▸ PROBLEM TO WORK ON
Reproduce the material below only from the line with "Asiatische frau an der stehenden küste in bandagenAsiatische" to the line with "Available in three", both included, keeping each line exact and dropping the pictures.

▸ DATASET CONTENT

★ ★ ★ ★ ★ ★ ★

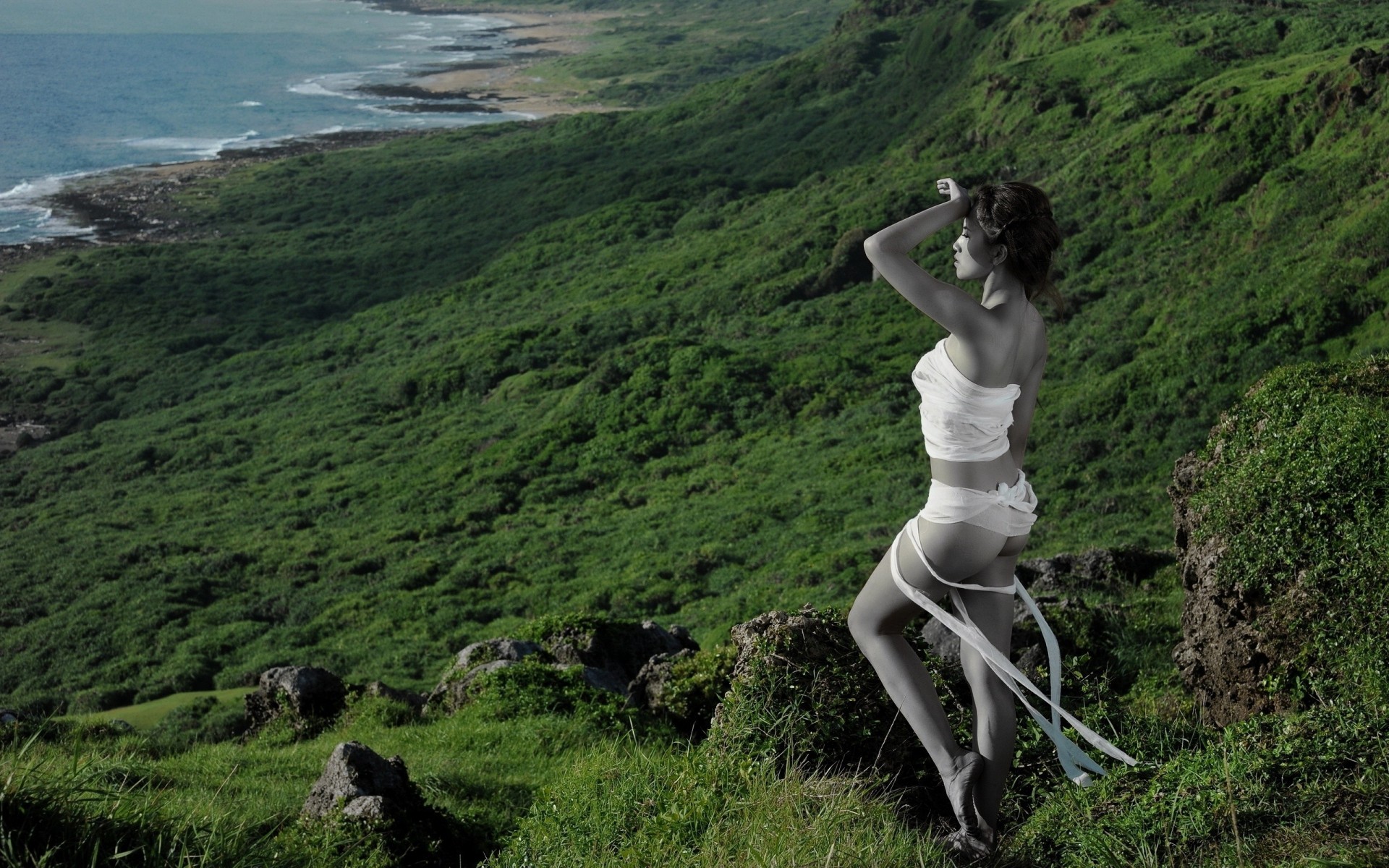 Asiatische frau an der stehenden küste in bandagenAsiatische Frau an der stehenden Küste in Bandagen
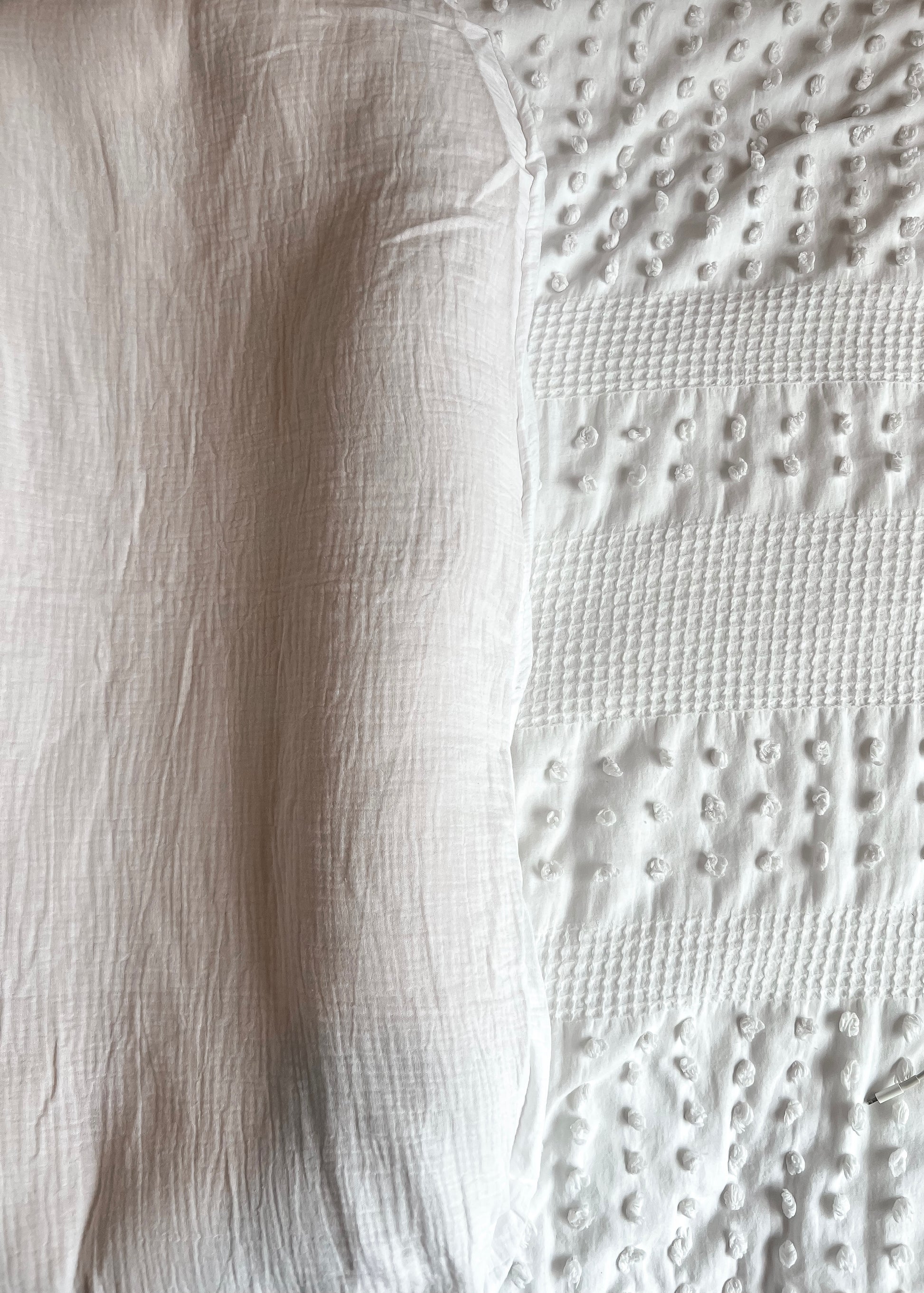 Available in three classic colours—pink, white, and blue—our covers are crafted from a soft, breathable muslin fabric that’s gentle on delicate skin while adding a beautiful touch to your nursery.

★ ★ ★ ★ ★ ★ ★

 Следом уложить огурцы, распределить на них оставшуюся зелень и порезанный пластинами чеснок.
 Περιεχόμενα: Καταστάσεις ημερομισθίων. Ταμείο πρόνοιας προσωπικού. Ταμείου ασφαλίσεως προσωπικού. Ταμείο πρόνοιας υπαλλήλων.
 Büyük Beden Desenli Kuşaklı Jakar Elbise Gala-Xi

★ ★ ★ ★ ★ ★ ★

▸ RESPONSE AREA
 Asiatische frau an der stehenden küste in bandagenAsiatische Frau an der stehenden Küste in Bandagen
 Available in three classic colours—pink, white, and blue—our covers are crafted from a soft, breathable muslin fabric that’s gentle on delicate skin while adding a beautiful touch to your nursery.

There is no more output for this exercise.